When popular millennial YouTuber Tyler Oakley reposted the Billie Eilish TikTok to his Twitter account with the caption "the way this would ruin my entire experience, unfortunately," the post was met with much more disagreement than the comment section on TikTok.

While some people agreed with Oakley, others called out his take, basically defining it as selfish. "I'm not [agreeing] with you," reads one reply. "Why should that person deprive themselves of singing the songs just so they don't ruin the video for you?"

The same user then continued. "​If you want to have spectacular audio, listen to the studio recordings, that's what they are for. concerts are to live them, not to record them and show them on social media."

But Oakley replied back, this time pointing out it isn't a matter of ruining videos. "concerts are to hear the artist sing live, not to hear some girl who thinks she's the artist people came for. like… if you want to perform, sing in the shower. & we shall disagree!"

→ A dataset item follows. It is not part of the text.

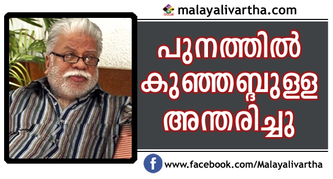 സാഹിത്യകാരന് പുനത്തില് കുഞ്ഞബ്ദുള്ള അന്തരിച്ചു. 75 വയസായിരുന്നു. കോഴിക്കോട് സ്വകാര്യ ആശുപത്രിയില് ഇന്ന് രാവിലെ 7.40നായിരുന്നു അന്ത്യം. വാര്ധക്യസഹജമായ അസുഖങ്ങള് തുടര്ന്ന് കുറച്ച് ദിവസങ്ങളായി ആശുപത്രിയിലായിരുന്നു.

At the end of the day, though, while your excitement and how much fun you're having is important, you should always try and be a respectful concertgoer to ensure the experience is memorable for everyone around you. That means that, yes, you should totally be allowed to sing and scream for your favorite artist—but maybe try and either keep the volume reasonable or avoid singing throughout the entire concert.

On the other hand, yes, you should also be able to take your videos to treasure your memories, but you should also always remember that concerts are made for crowds, and a perfect video will never be possible—so you'd better take some crowd singing and screaming into account beforehand.